Its CIO Juan Perez exemplifies this. Joining the cloud-based software company after 30 years at UPS, he argues that the most effective strategy for a modern enterprise is to resist the urge to build ad-hoc solutions and instead “push for the Salesforce platform”, as he told Boldstart.

From where he sits, the alternative – building custom fixes “any way we can” – leads to a sprawl of disconnected data repositories and technical debt. “What I’ve come to learn is that every company has its own sets of data issues… because of the speed that business is moving,” he says.
By using Salesforce’s own Data Cloud and AI products to run the business, Juan’s approach forces his IT team to have a “direct line of engagement” with product developers, ensuring that the software is battle-tested. By prioritising the platform over custom builds, Juan ensures that Salesforce does not just sell the future of IT – it lives it.
The SAP alternative
Muhammad Alam, Member of the Executive Board of SAP and lead of the Product & Engineering Board, says the build vs buy debate often ignores the hidden cost of fragmentation. He argued at SAP Sapphire that years of ad-hoc technology adoption have left many enterprises with a “disparate and heterogeneous application landscape” that stifles innovation.

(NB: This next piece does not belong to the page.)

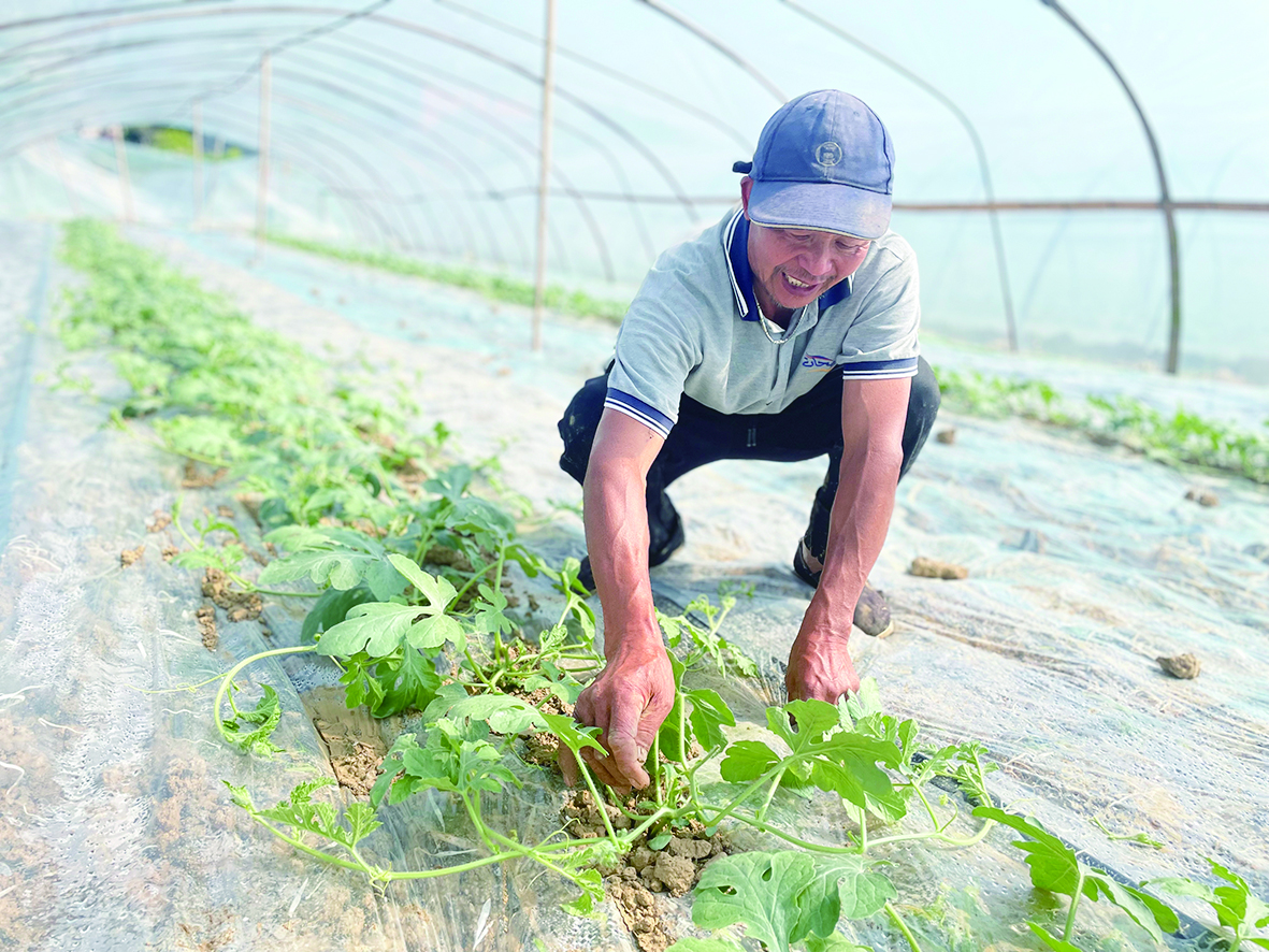 清明前后,种瓜点豆。4月8日,记者在天元区雷打石镇胜塘村看到,连片规模化的西瓜大棚里,满棚的西瓜苗绿意盎然、长势喜人。西瓜种植户徐仁义,一大清早便在大棚里清理杂草、修剪枝蔓,忙个不停。“这里共有100个大棚,里面栽了2万株西瓜苗,端午节西瓜就成熟了。”

“We estimate that organisations can spend up to 80% of their effort and budget putting together this fragile balance of apps and data, leaving only 20% of your resources to focus on value creation,” he says.
The SAP alternative is to stop building connections and start leveraging what Muhammad calls a unified “flywheel of apps, data and AI”. By adopting SAP’s Business AI approach – anchored by the omnipresent copilot Joule – companies can skip the integration headaches. Instead of building custom AI agents from scratch, they can deploy SAP’s library of agents or use the new AI Foundation to extend capabilities safely.
For Muhammad, that true differentiation comes from “end-to-end context” and not complexity: “This can only happen when you simplify and innovate your core and not add another layer of complexity to your landscape.”